We need to strike while the iron’s hot. We’ve got to make sure the Pacific island countries play their own Four Nations style competition and we have to hatch plans to bring the game to the United States. And it all has to be done now to build on the momentum of RLWC2017.
Folks all over the place have been opining that it’s essential for the game’s success internationally for America to be part of the mix.
Right away a proposal was put out there for England and New Zealand to play a game stateside this June. Denver was proposed as a likely venue, although it beats me why you’d pick the Mile High city when New York or Los Angeles would be no-brainers. There are direct flights to either place from just about anywhere in the world, Denver not so much. Just sayin’.
Sydney-based sports event management company Moore Sports International reportedly came up with the idea but when I asked president and CEO Jason Moore for more detail he said he is “not making any comments at the moment.”
That was before Christmas and the game is still not confirmed, however, according to the RFL we should have a decision one way or the other by the end of January. Guess we’ll see.
During the World Cup, word also spread of a plan for a New York City-based team to enter the English Championship in 2019 a la the Toronto Wolfpack. And since then, we’ve heard murmurs of yet more potential teams popping up in Philadelphia, Boston and the Canadian city of Hamilton.
Now don’t get me wrong, I’m not against the notion of bringing professional rugby league to the US and Canada. In fact, I’m all for it.

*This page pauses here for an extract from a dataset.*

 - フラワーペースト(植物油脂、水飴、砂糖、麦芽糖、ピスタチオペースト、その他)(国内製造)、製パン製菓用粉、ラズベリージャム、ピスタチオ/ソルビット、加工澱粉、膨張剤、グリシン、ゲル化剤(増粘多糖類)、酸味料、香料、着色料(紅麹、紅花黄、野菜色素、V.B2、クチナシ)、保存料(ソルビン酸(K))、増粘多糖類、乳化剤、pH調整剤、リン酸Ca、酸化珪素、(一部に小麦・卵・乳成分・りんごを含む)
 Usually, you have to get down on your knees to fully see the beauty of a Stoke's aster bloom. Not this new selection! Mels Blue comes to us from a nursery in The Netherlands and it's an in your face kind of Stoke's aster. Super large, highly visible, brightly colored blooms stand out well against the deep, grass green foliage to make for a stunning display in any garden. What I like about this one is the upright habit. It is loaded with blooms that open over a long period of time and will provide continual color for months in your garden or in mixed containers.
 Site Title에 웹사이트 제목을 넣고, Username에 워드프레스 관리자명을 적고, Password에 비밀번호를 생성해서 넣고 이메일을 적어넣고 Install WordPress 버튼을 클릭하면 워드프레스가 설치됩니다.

But you’ll have to excuse me because I’m just not buying into all the hype.
As the Farmers Insurance TV ad goes, “I know a thing or two because I’ve seen a thing or two.”

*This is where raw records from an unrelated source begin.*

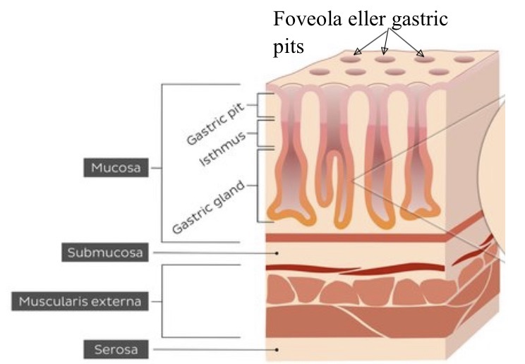 På ventrikelns yta finns små gropar — foveola eller gastric pits — mynningarna ligger i mukosan och producerar magsaft (fundus) eller slem (cardia och pylorus)
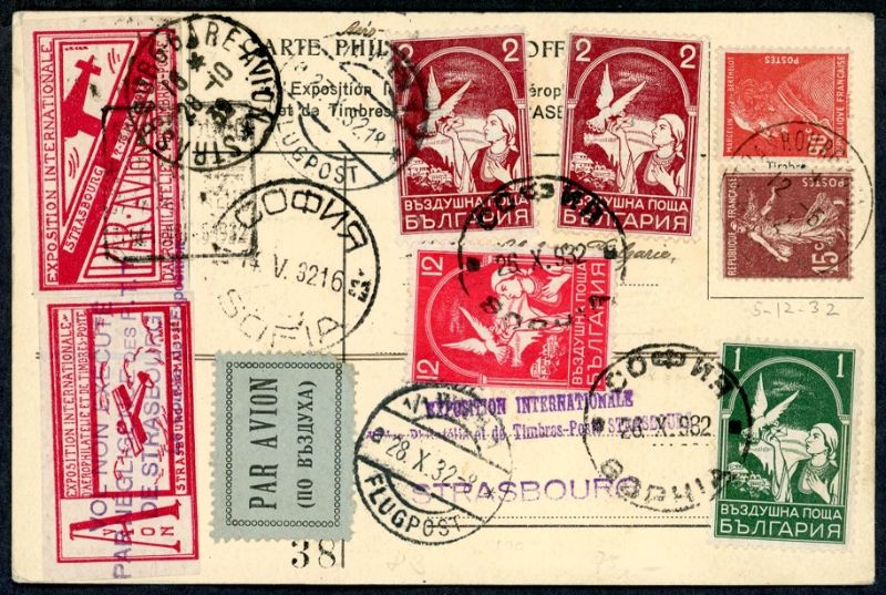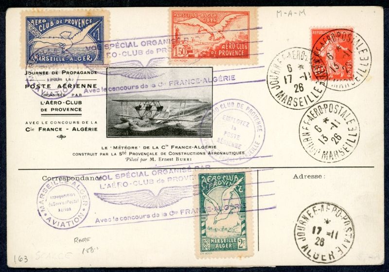 FRANCE 1926 Club de Provence Marseille-Algerie, (3) different flight labels tied on card by various flight cachets, small picture of Le Meteore flying boat, 40c Sower issue tied by “Journee Aeropostal Marseille” 11/13/26 cds, Alger 11/17/26 receiver, VF flight card, quite scarce if not rare (Image)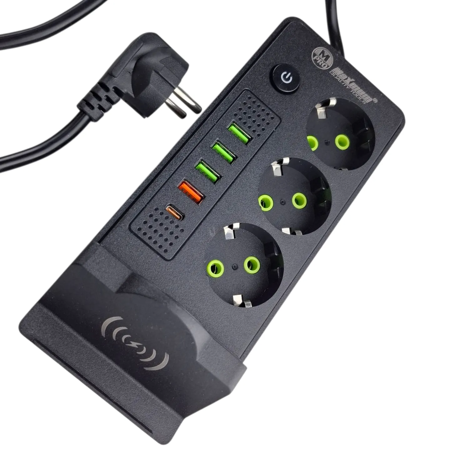 Сетевой фильтр с беспроводной зарядкой на 3 метра от "Maximum Quality Tools" оборудован тремя розетками евро типа с заземлением, а также 4 USB портами и входом Type C. Устройство имеет входное напряжение 220 В и номинальный ток 16 А, что обеспечивает безопасную работу всех подключенных устройств.

What I mean by that is, I have been covering league and union in this country since 1998 and have seen similar concepts in the past, all of which have come and gone. Admittedly, they have all been rugby union plans, but that’s no surprise given that code has a way bigger footprint and a much longer history here.

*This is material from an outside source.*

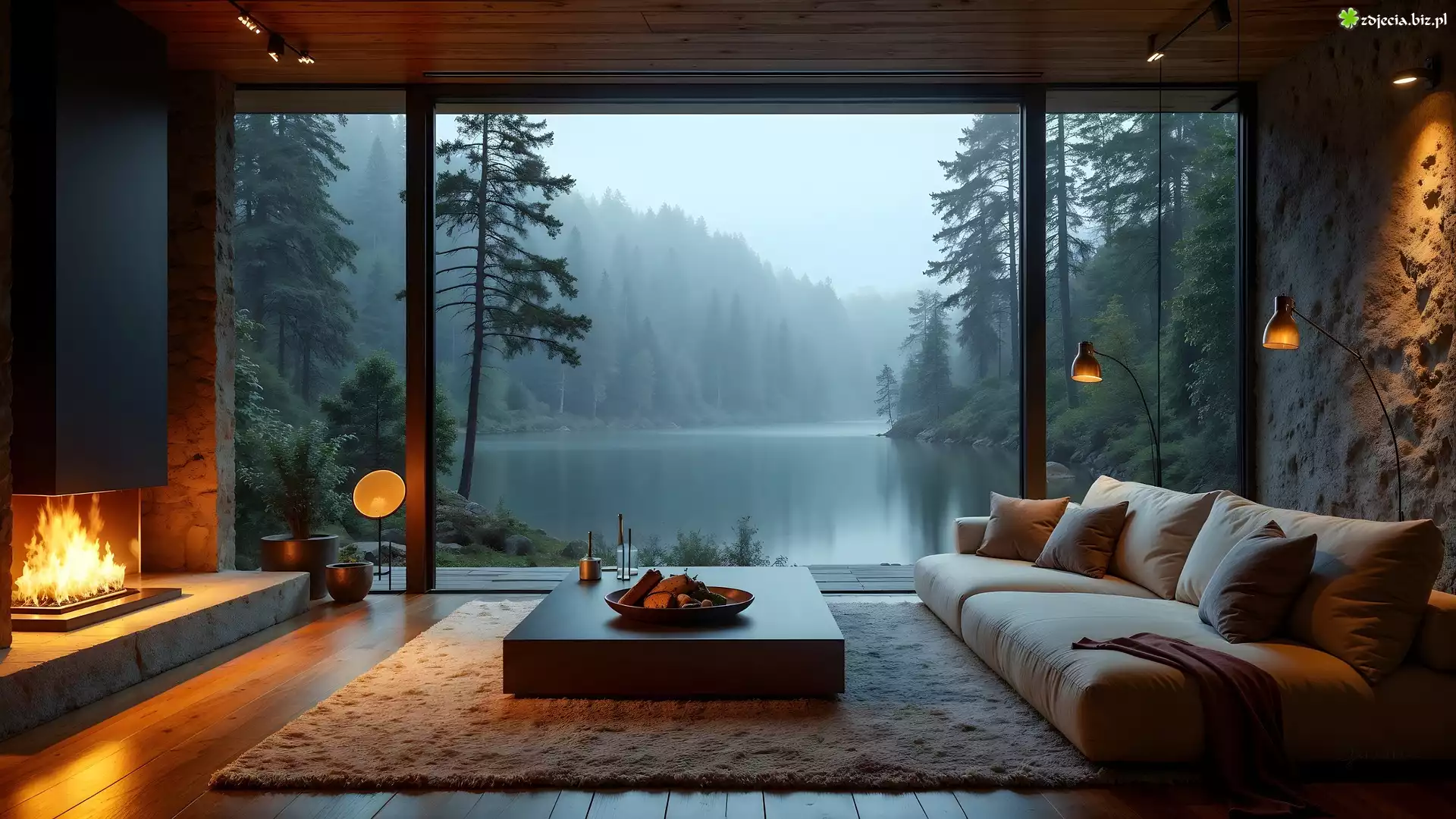 Zdjęcie Salon, Kominek, Kanapa, Okno, Widok, Rzeka, Las

They talked about setting up city-based leagues that never happened. Then it was a professional club competition that lasted all of one season before going belly-up and this year they’re about to embark on a seven-team Major League Rugby comp modelled on soccer’s MLS.
American rugby union has also been hosting the world’s leading international sides for years with the likes of Australia, South Africa and Ireland all touring. Plus, there are Autumn Tests that the US men’s national team regularly plays in Europe. And you know what? It has done didly squat in helping the game become anything other than a fringe sport in this country.
So, the point is we’ve heard it all before. The one big difference is there hasn’t been a Rugby World Cup in the USA.
As we know, the RLIF has earmarked RLWC2025 to be co-hosted by the United States and Canada, and assuming they stick with that plan, one would expect that they will get serious about bringing the international game to these shores to build interest over the next seven years.
Well, it’s in their financial interests to do so isn’t it?
One major thing the RLIF and others need to be aware of is where union has dropped the ball. Those guys haven’t been able to get much traction on television, which in turn means there is next to no return on investment (ROI) for potential backers.
Perhaps it’s because union is an inferior TV product, which I happen to think it is, but without being on TV, as well as electronic devices, where sponsors can advertise to millions of eyeballs, it will always be an uphill battle.
If rugby league can get it right, there’s no reason why the England versus New Zealand game can’t go ahead this year. And if it does, and if it’s a success, it will hopefully lead to more and I’m all for that.